My life isn’t perfect and I’ve made a lot of bad choices over the years which have led to me worrying about everything. My worrying has manifested some “not-so-good” scenarios, such as putting myself in debt, having a major part in the unraveling of my marriage and a long list of other things.
My worrying has also lead to me not following my dreams because I’m afraid of success. Yes, I said success. I know that seems strange because most people are usually worried about failure, but I look at failure as a lesson learned. However, success seems daunting to me. I see myself so busy that I don’t have time for friends or family or I see myself at my desk with stacks of papers piled so high you can’t see my face. Maybe I’m scared to do the work because I fear that I’ll miss out on life if I’m so busy building a brand or company.
You know that moment when you get sick and tired of being sick and tired.

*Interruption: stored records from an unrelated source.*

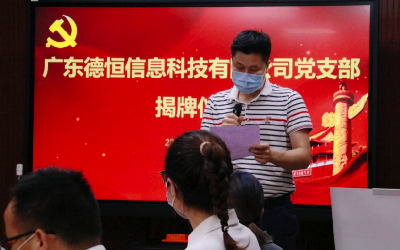 陳桃清指導(dǎo)員宣讀《關(guān)于同意成立中共廣東德恒信息科技有限公司支部委員會(huì)的批復(fù)》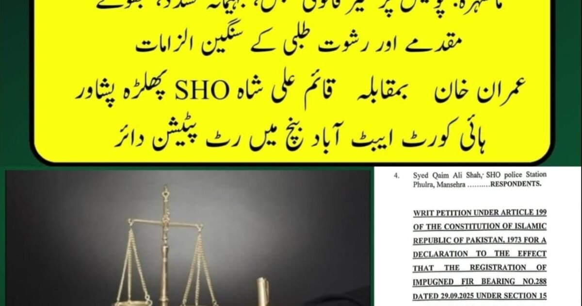 ضلع مانسہرہ کے علاقے درویش پڑھنہ کے رہائشی عمران خان ولد گل زمان خان نے تھانہ پھلڑہ پولیس کے خلاف غیرقانونی حبسِ بےجا، بہیمانہ تشدد، رشوت طلبی اور جھوٹا مقدمہ درج کرنے کے الزامات کے تحت پشاور ہائی کورٹ ایبٹ آباد بنچ میں رٹ پٹیشن دائر کر دی ہے۔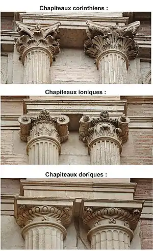 À ces trois ordres, on en ajouta successivement deux, qui sont l’ordre toscan et l’ordre composite.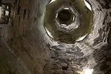 Above the bell frame there is a hole in the bell chamber ceiling, and through that opening can be seen the inside of the spire. It is a hollow cone of stone blocks, unsupported by any interior frame, and is full of light because it has four lucarnes at the bottom, and eight more large openings higher up.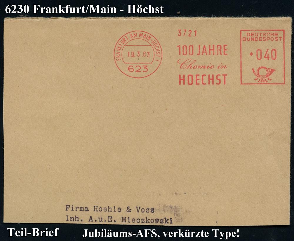 836 | 15 € | 6230 Frankfurt/M.-Höchst : 623 FRANKFURT AM MAIN-HÖCHST 1/ 100 JAHRE/ Chemie in/ HOECHST 1963 (19.3.) Jubil-AFS, Francotyp, verkürzte Spezialtype mit alter Zählnr. , klar gest. Teil-Bf. (Dü.223 CII h) | ![]() | |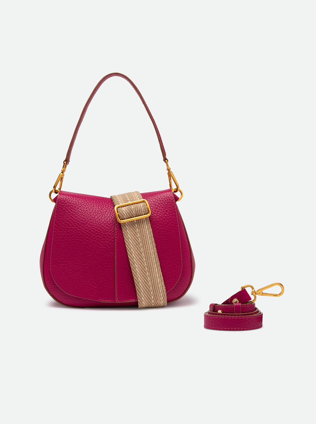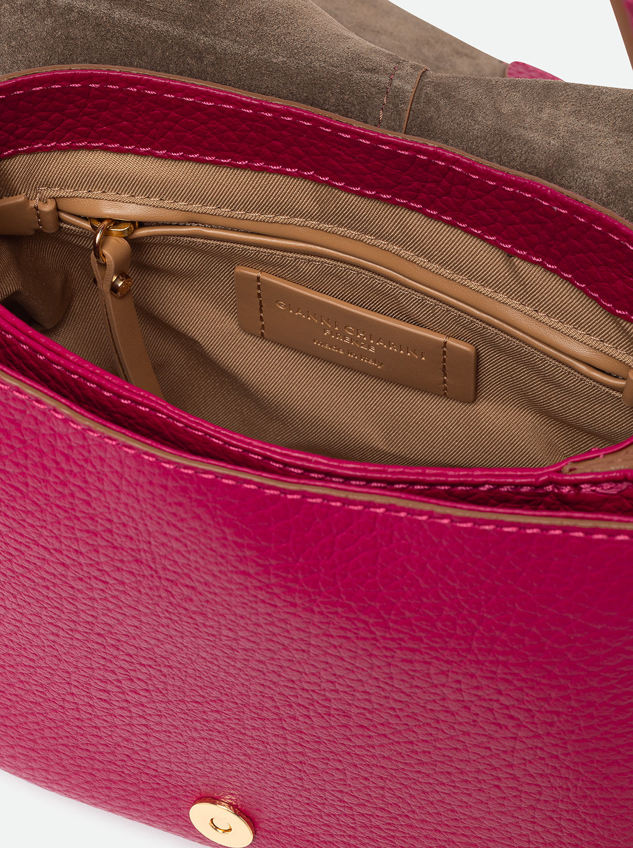 The iconic Helena Round Gianni Chiarini Firenze bag in maxi grain leather boasts a structured design with a contemporary, glam appeal. Thanks to the shoulder straps it is equipped with, it can be worn in two different ways. Practical and organized, it features a double interior compartment and a concealed pocket, also on the back of the bag. Size: 26x21x9 cm.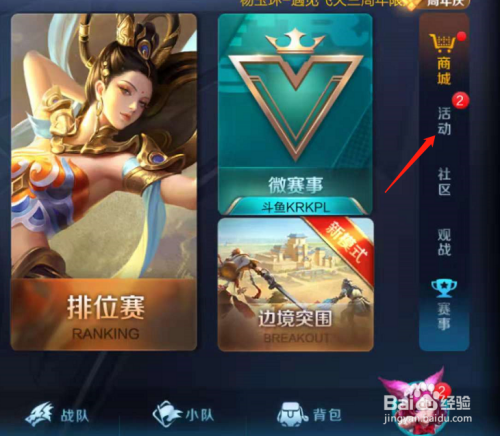 来到游戏本家儿界面后,我们点击屏幕右侧的活动。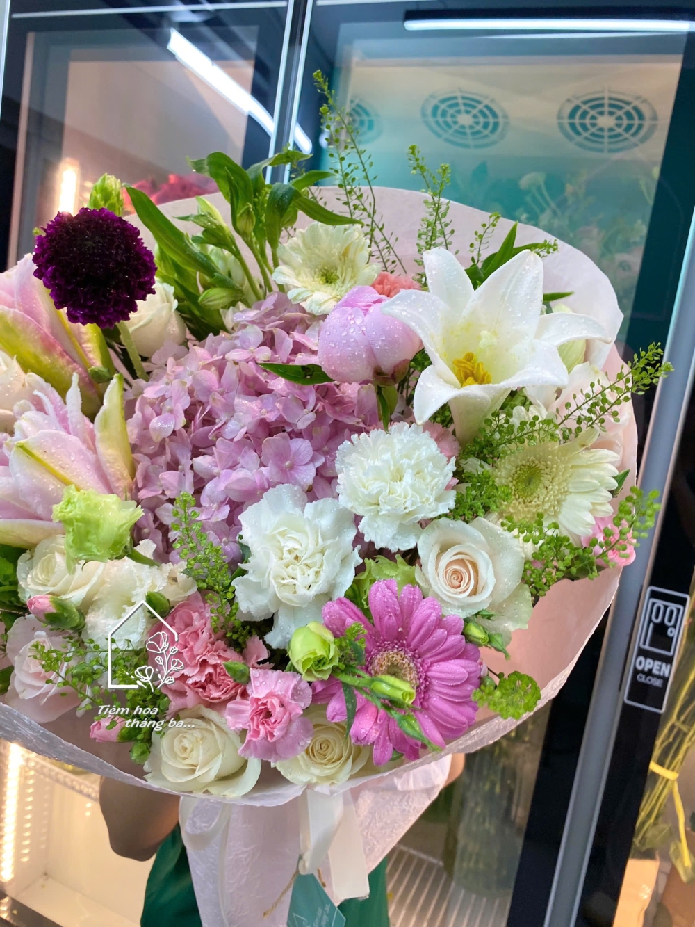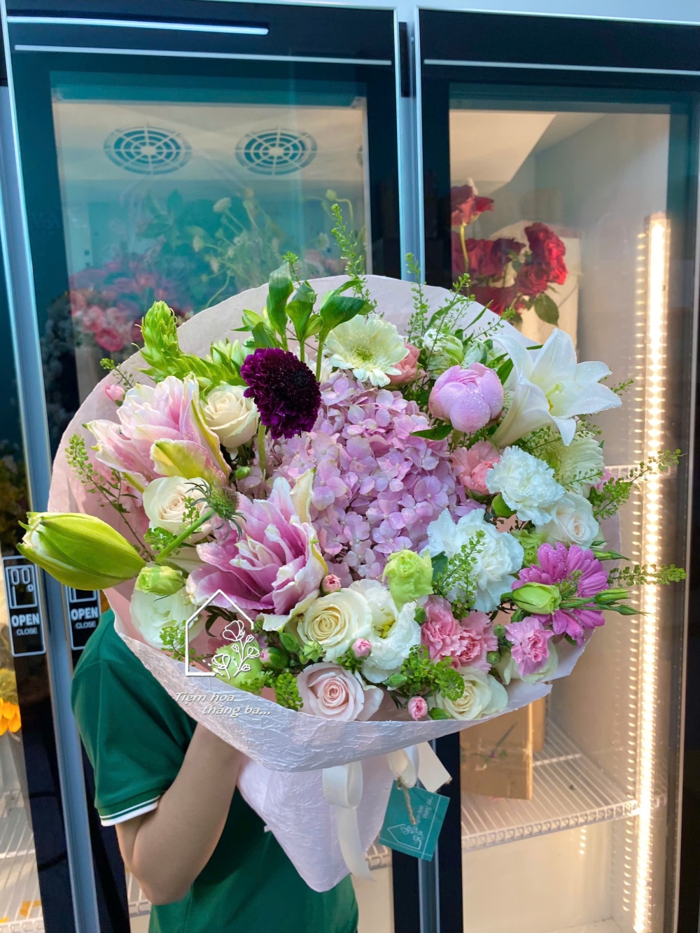 Tiệm có nhận thiết kế hoa tươi theo yêu cầu, bạn có thể cho tiệm biết bạn cần đặt hoa cho dịp gì, tông màu bạn muốn là gì, ngân sách của bạn ra sao, tiệm sẽ thiết kế theo yêu cầu của bạn nhé! Tiệm miễn phí thiết kế banner, thiệp mừng, tiệm giao hoa tận nơi, miễn ship đơn từ 500k bán kính 5km.

Well, I finally made it there so I went to God in prayer and asked for guidance, strength, clarity, to be spiritually intuned to God’s voice and to be aware of godly, moments. During one of my morning prayers, I heard “Faith of a Mustard Seed”. I didn’t fully understand at the time why I heard these words so clearly, but I held on to them. The words “Faith of a Mustard Seed” started to penetrate all aspects of my life.
I started to live by these words and by trusting God and His promises my dreams and goals started to manifest. I received a new apartment, which was one of my worries because I thought my credit score would be too low. I received a new job, which has been on my prayer list for a while but I finally allowed God to take control and I trusted Him. Not only will I have a new position, but I will be working under someone who I can learn a great deal from when it comes to business.
The Faith of a Mustard Seed. When you hold a mustard seed in your hand, it doesn’t seem like much, but we tend to underestimate the power of having just that much faith. The tiny Mustard of Faith can have a huge impact on changing our lives and bringing us closer to God.
What’s your Mustard Seed moment? When did you let go and let God?